Putting it out to the Universe......That NMZ will be mine.....


----------



## Lil_Tate (Dec 18, 2006)

It will be mine,,,,oh yes,,,it will be mine


----------



## iMacattack (Dec 11, 2006)

Good luck tate! I hope you win too! 

Cheers


----------



## Brett (Jul 16, 2008)

Pretty toy, but why are they always white? Oh yeah, it's the gel-coat that produces the fewest problems at the shop in application and clean-up of equipment. Also the easiest color to match when repairing.
But during a day on the water the glare off the interior of the hull damages the eyes and feels like you're in a reflector oven.
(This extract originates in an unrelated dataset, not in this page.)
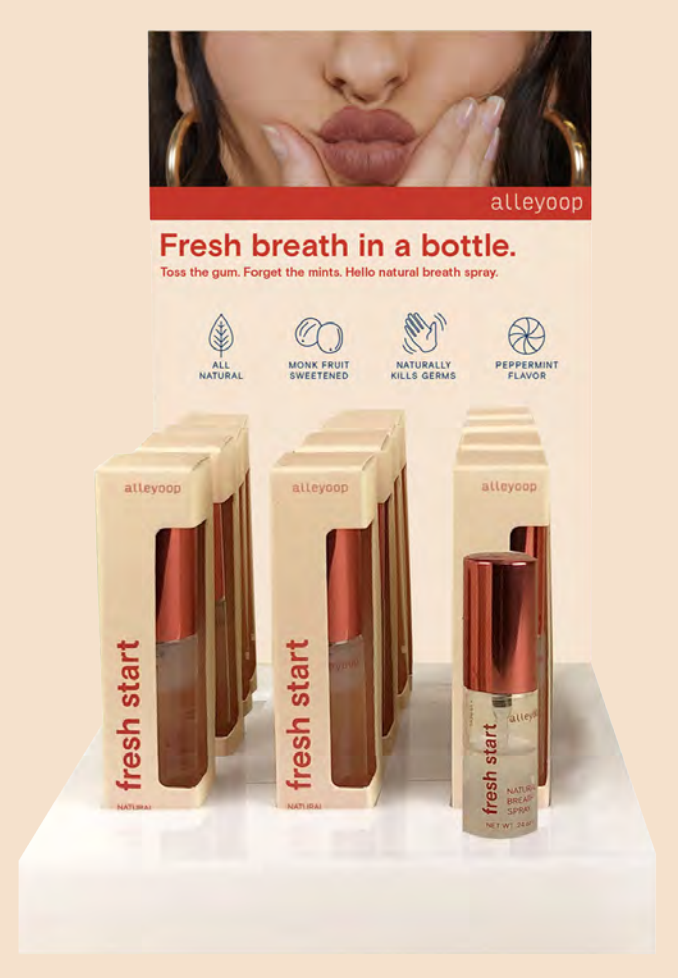
5.75" W x 7.125" L x 9.75" H

Ever wonder why tennis courts are painted green? It's the color that reflects the least energy. Green is a low energy color, probably the reason plants are green, not enough energy to use to make food, so they don't absorb it. I had a squaretail canoe built by Americraft in Daytona, Exterior is white,but for a little extra had the interior done in a chalk green and it's easier on the eyes during a morning paddling around


----------



## iMacattack (Dec 11, 2006)

CAMO COLOR $65.00 
SPECIAL COLOR $155.00

microskiff.com is very thankful to all our great sponsors who have offered up their time and products to be part of Project NMZ for our community. Project NMZ will go through an amazing transformation so be sure to stop by often and check out the progress.

Captain Jan


----------



## Flyline (Mar 3, 2008)

This is my NMZ........always have options to pick the colors and camo sea-dek. The motor is Shinerkiller's but I'm trying to buy it from him as for right now I have a 08' 9.9 mercury 4-stroke.....it will be nice to updrade to 15hp for 2 people in NMZ....my trimtabs already installed...


----------



## Brett (Jul 16, 2008)

Is there a boat in that last post, can't find it, must be camouflaged.
Still, very nice job on the setup.


----------



## roto77777 (Jan 12, 2008)

Man, I got some cool deas to trick that baby out!!!!!!!!
Bubbler, wiring, LED's, storage..........


----------